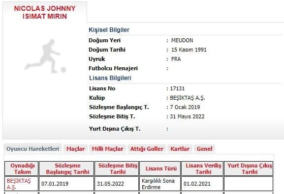 Beşiktaş’ta orta transfer devrinin son günü bir ayrılık daha resmen açıklandı. Siyah-beyazlı kulüp, dönem başında takım dışı bırakılan Fransız stoper Nicolas Isimat-Mirin’le yollarını ayırdı.
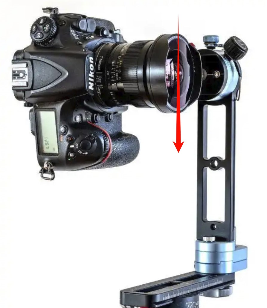 在我们进行张家港VR全景拍摄的过程中,除了部分要求不高的使用VR全景相机外,张家港专业的都是用专业相机,我们在使用专业相机的时候,必不可少的就是VR云台,在长时期用过VR云台的人我想都会遇到一个相当无语的问题:拍摄过程中会出现相像镜头向正下文下垂,如下图箭头方向下垂。
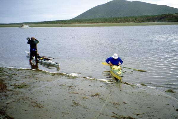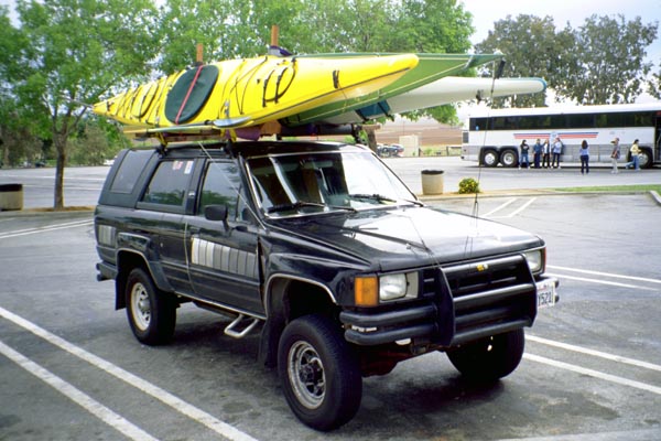 Most people who paddle kayaks in Baja go to the Sea of Cortez. Here there is protection from the swell of the Pacific Ocean, although there are other dangers from the weather. Konstantin Gortinsky would like to paddle all of the Pacific coast of Baja instead. He had two weeks of vacation during spring break and we planned to do a section of this coast together. At one time there were seven people interested in doing this trip, but when it came down to making definite plans, only three of us remained. Konstantin, Sid Taylor, and myself. Konstantin and I drove down to Berkeley together and met Sid who drove down from Trinity County. We packed all our gear in my Toyota 4Runner, three kayaks on top, and three of us in the remaining space. We drove down to San Diego in one day, then drove into Baja on the second day and made it to our put-in spot by 2:00 PM on Saturday April 7th. We decided to pack up and launch the kayaks immediately for a short evening paddle and our first night camping.
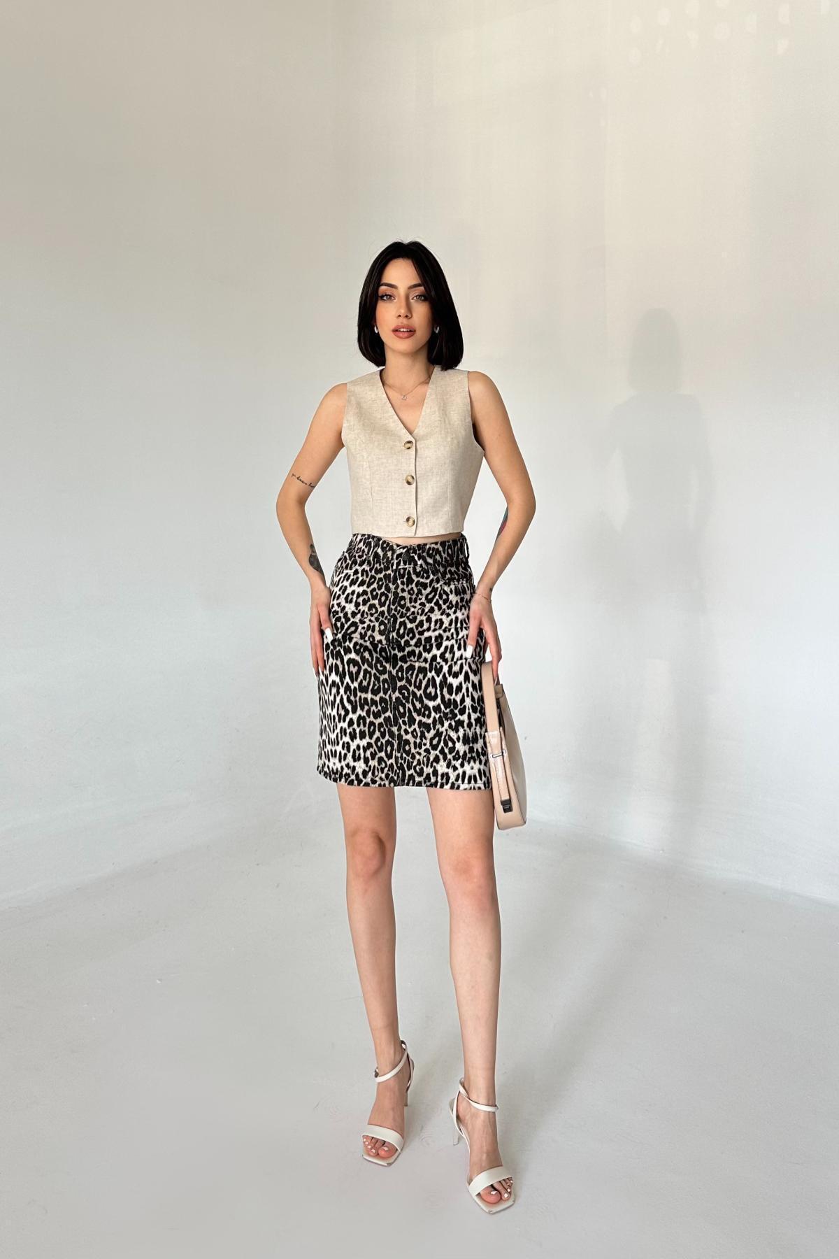 Kadın Düğmeli Dar Pamuklu Leopar Siyah Mini Etek Kadın Düğmeli Dar Pamuklu Leopar Siyah Mini Etek 173XRDN 42
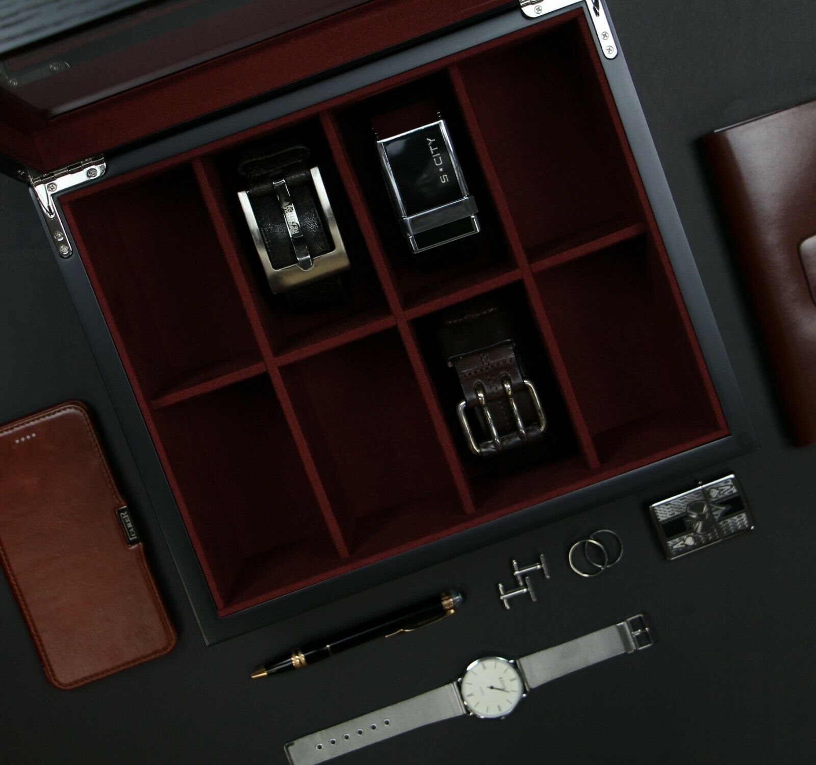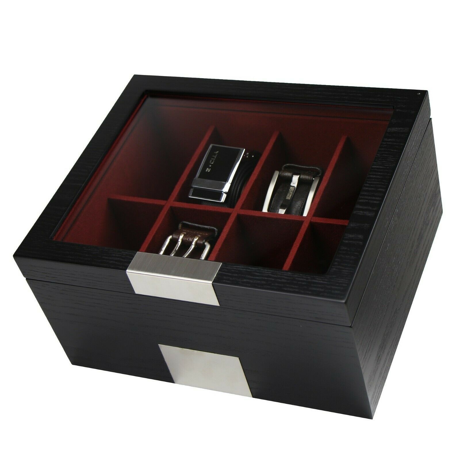 Love Life: The DecorLove Life Jewelry and Watch Box and sunglasses organizer stores it all. Its compact design features storage space for 4 watches, 3 sunglasses, cufflinks and rings. Red suede interior and soft padded divider protects your valuable watches, sunglasses, cufflinks, rings, earnings and other jewelry from scratches and scuffs.
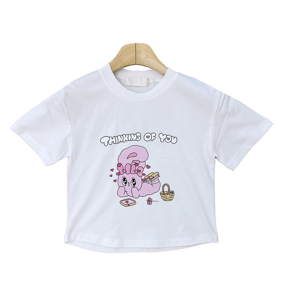 라라콩 여성용 토끼 크롭 상의 반팔 티셔츠
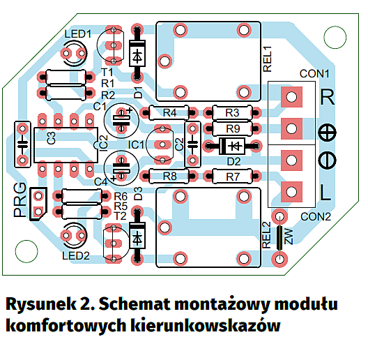 Moduł wymaga jedynie doprowadzenia zasilania oraz obwodu lewego i prawego kierunkowskazu, dzięki czemu dołączenie do instalacji auta jest stosunkowo łatwe. Sygnały złączy CON1 i CON2 są opisane na płytce. Zasilanie modułu należy doprowadzić z dowolnego obwodu, w którym napięcie występuje po przekręceniu kluczyka w stacyjce. Zapewne obwód będzie zabezpieczony bezpiecznikiem, więc może zajść konieczność wymiany bezpiecznika na taki z większym prądem znamionowym, ponieważ zasilanie świateł kierunkowskazów, w trakcie pracy modułu, będzie pobierane z tego obwodu. Podłączenie do kierunkowskazów można łatwo zrealizować np. przy złączach reflektorów (nawet tylnych). Ważne, aby dołączyć się do „plusów” obu stron.
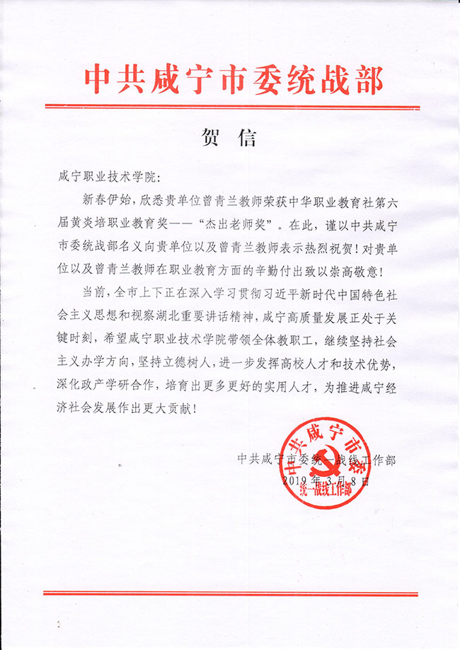 市委统战部对曾青兰教授获得黄炎培职业教育奖表示热烈祝贺和崇高敬意,希望咸宁职业技术学院带领全体教职工,继续坚持社会主义办学方向,坚持立德树人,进一步高校人才和技术优势,深化政产学研合作,培育出更多更好的实用人才,为推进咸宁经济社会发展做出更大贡献。
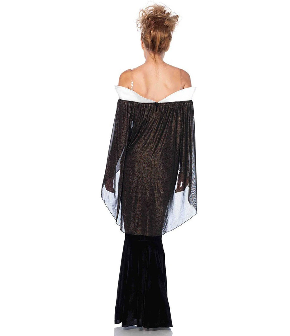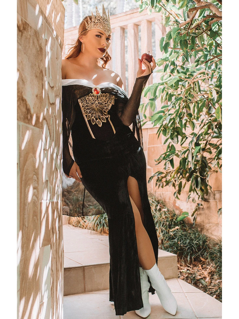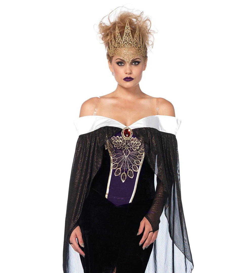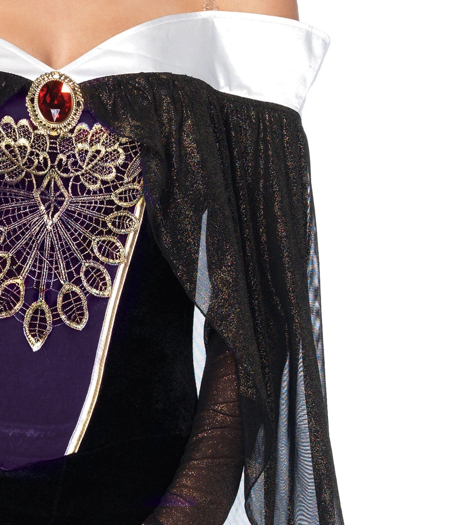 This women’s costume comes with an eye-catching floor-length long black dress made from velvet stretch material with a sexy thigh split, off the shoulder sleeves with white collaring made from a satin feel fabric to show off your dazzling décolletage and attached shimmering sheer capelet, deep purple panelling on the bodice with gold trimming and gold stitch embroidery detailing and faux gem and tall gold crown, with ornate laser-cut detailing.

===============

TASK INSTRUCTIONS: Your answer should be the lines above from the one that contains "라라콩 여성용 토끼 크롭 상의 반팔 티셔츠" through the last, set down exactly, with the pictures removed.

ANSWER SECTION:
 라라콩 여성용 토끼 크롭 상의 반팔 티셔츠
 Moduł wymaga jedynie doprowadzenia zasilania oraz obwodu lewego i prawego kierunkowskazu, dzięki czemu dołączenie do instalacji auta jest stosunkowo łatwe. Sygnały złączy CON1 i CON2 są opisane na płytce. Zasilanie modułu należy doprowadzić z dowolnego obwodu, w którym napięcie występuje po przekręceniu kluczyka w stacyjce. Zapewne obwód będzie zabezpieczony bezpiecznikiem, więc może zajść konieczność wymiany bezpiecznika na taki z większym prądem znamionowym, ponieważ zasilanie świateł kierunkowskazów, w trakcie pracy modułu, będzie pobierane z tego obwodu. Podłączenie do kierunkowskazów można łatwo zrealizować np. przy złączach reflektorów (nawet tylnych). Ważne, aby dołączyć się do „plusów” obu stron.
 市委统战部对曾青兰教授获得黄炎培职业教育奖表示热烈祝贺和崇高敬意,希望咸宁职业技术学院带领全体教职工,继续坚持社会主义办学方向,坚持立德树人,进一步高校人才和技术优势,深化政产学研合作,培育出更多更好的实用人才,为推进咸宁经济社会发展做出更大贡献。
 This women’s costume comes with an eye-catching floor-length long black dress made from velvet stretch material with a sexy thigh split, off the shoulder sleeves with white collaring made from a satin feel fabric to show off your dazzling décolletage and attached shimmering sheer capelet, deep purple panelling on the bodice with gold trimming and gold stitch embroidery detailing and faux gem and tall gold crown, with ornate laser-cut detailing.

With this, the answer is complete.